What Wren Carried — 01: Faith

Wren crossed oceans carrying his faith intact. I watched from a distance as the weight of it began to show.

Wren’s heart is deeply faithful. when we lived in the same building, I never once saw him miss a prayer at the mosque. not even Fajr. no matter the hour, he was always there.

I met him when I was around eighteen, and we remained friends from that point on. he has one of the most beautiful voices I have ever heard in Quran recitation. our conversations were light. he was gentle, considerate, quiet. a pure soul. he did not have many people around him, at least that is how it felt to me.

We were caught up in the war in Sudan, both of us trying to enter Egypt. we met there again after a couple of months apart.

A picture Wren took of me Hardee’s south park Madinaty in Egypt

After mid 2023, we scattered across the globe. from then on, we only caught up every few months online. were our conversations sums up the months into minutes.

About a year ago, I learned that he had moved to the United States. we stayed in touch for a short while, laughing about American no context politics. he had work to do. A completely new environment. goals to reach. And a mind shaped by being raised in Sudan, a Middle Eastern African Islamic country, suddenly immersed in a Western Christian society. the shift is dramatic.

He was trying desperately not to let go of his core values. values that are easy to trade away in a place defined by freedom. The free world. even if holding onto them meant missing opportunities, engaging less, or standing slightly apart.

A few days ago, he messaged me asking whether I had ever dealt with hypertension. I told him no and asked why. he said he had been diagnosed with high blood pressure and elevated sugar levels. the doctors advised him to start antidepressants.

He laughed as he told me. he said he used to think people who relied on medication and supplements just were not as strong as we were. he did not know how a fast moving world, shaped by capitalism and constant pressure, could do this to a person.

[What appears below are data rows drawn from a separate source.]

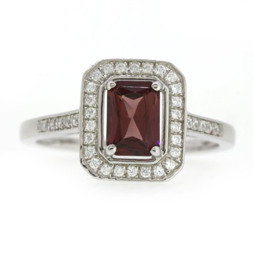 -. Title : Vintage Style Sterling Silver Emerald Cut Natural Mozambique Garnet Ring (1 1/5 CT.T.W)
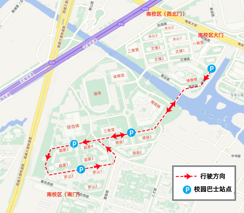 3.校内有免费校园巴士服务新生,站点设置在立德楼东南面、德涵转盘、综合体南面、罗山转盘,线路图如下:
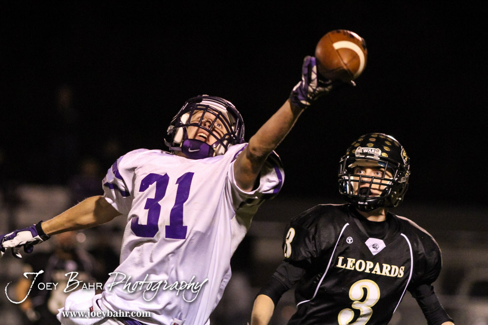 Meade Buffalo Nick Finke (#31) almost catches a pass during the KSHSAA Class 2-1A Regional Football game with Meade at LaCrosse with LaCrosse winning 34 to 0 at Bill Schoendaller Athletic Field in LaCrosse, Kansas on November 7, 2014. (Photo: Joey Bahr, www.joeybahr.com)
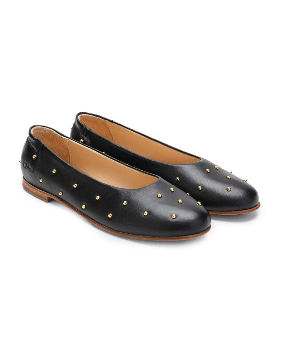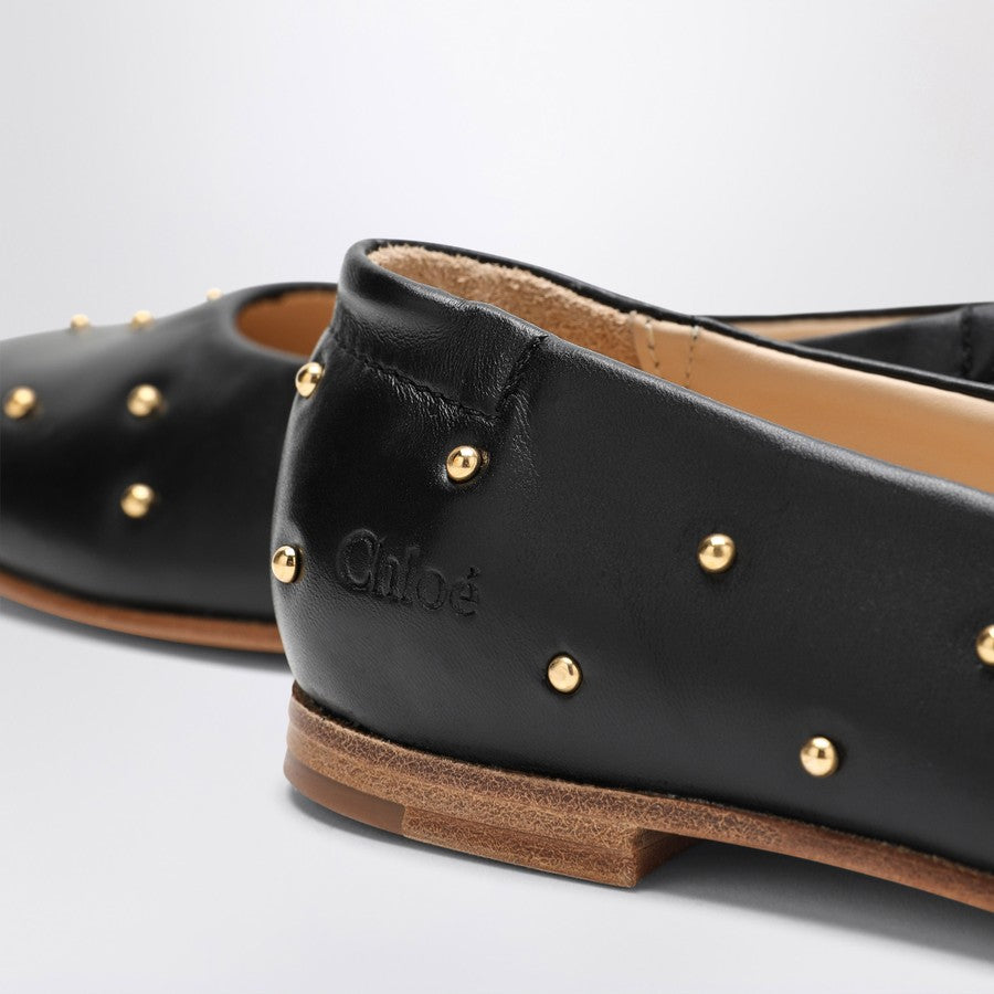 Chloé ballerinas in black leather, featuring a round toe, small golden studs all over, embossed logo lettering on the side, and a leather sole.
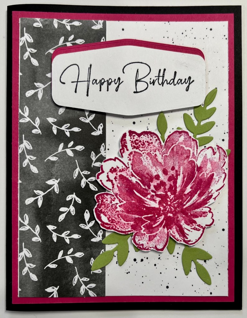 I stamped the “Happy Birthday” greeting in black ink on Whisper White Cardstock. I cut it out with my Tasteful Label Die and cut a second tag out from Melon Mambo Cardstock to mat the greeting!
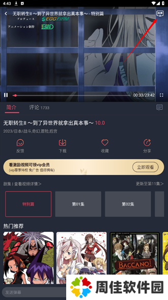 1、首先打开在本页面下载的黑白弹幕app,进入界面后选择一个自己想看的番剧,切换到播放界面。
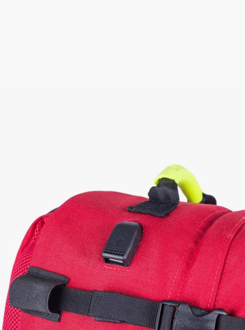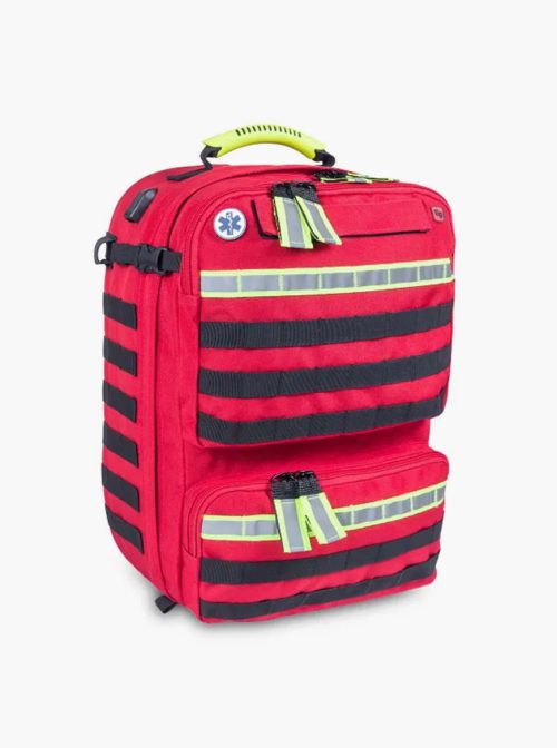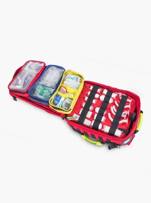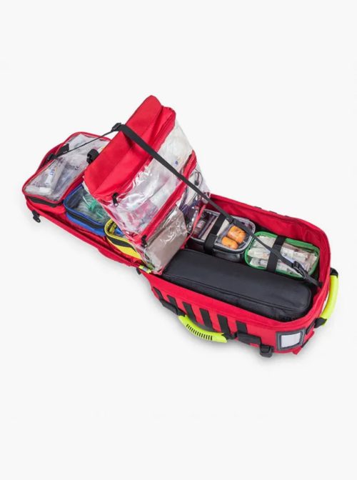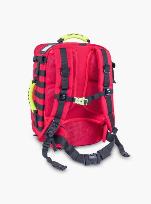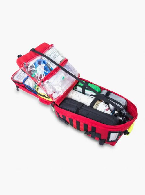 – Cintas interiores com fecho de velcro para acomodar a garrafa de oxigénio ou o respirador manual.

I told him I understood. I once made jokes like that too. About cultures that leaned on pills to keep going. until one day a doctor prescribed me the same kind of medication. until I realized it could happen to me.

There is a quiet ignorance most of us carry. At some point, we believe we are special. If not outwardly, then inwardly. we believe we are stronger than others. smarter. More resilient. more faithful. life has taught me otherwise.

I am not as strong as I thought. I am not as intelligent as I once believed. And I learned that making light of others, their struggles, their cultures, or their coping mechanisms is a kind of blindness.

Every culture tells its people a story. that they are good. that they are chosen. that they are doing something right. these stories give weight to what is noble, sometimes so much weight that we become blind to what they hide. they exist to preserve the group, to maximize a shared sense of meaning.

But when someone crosses oceans carrying those stories alone, the weight can become heavier than faith itself.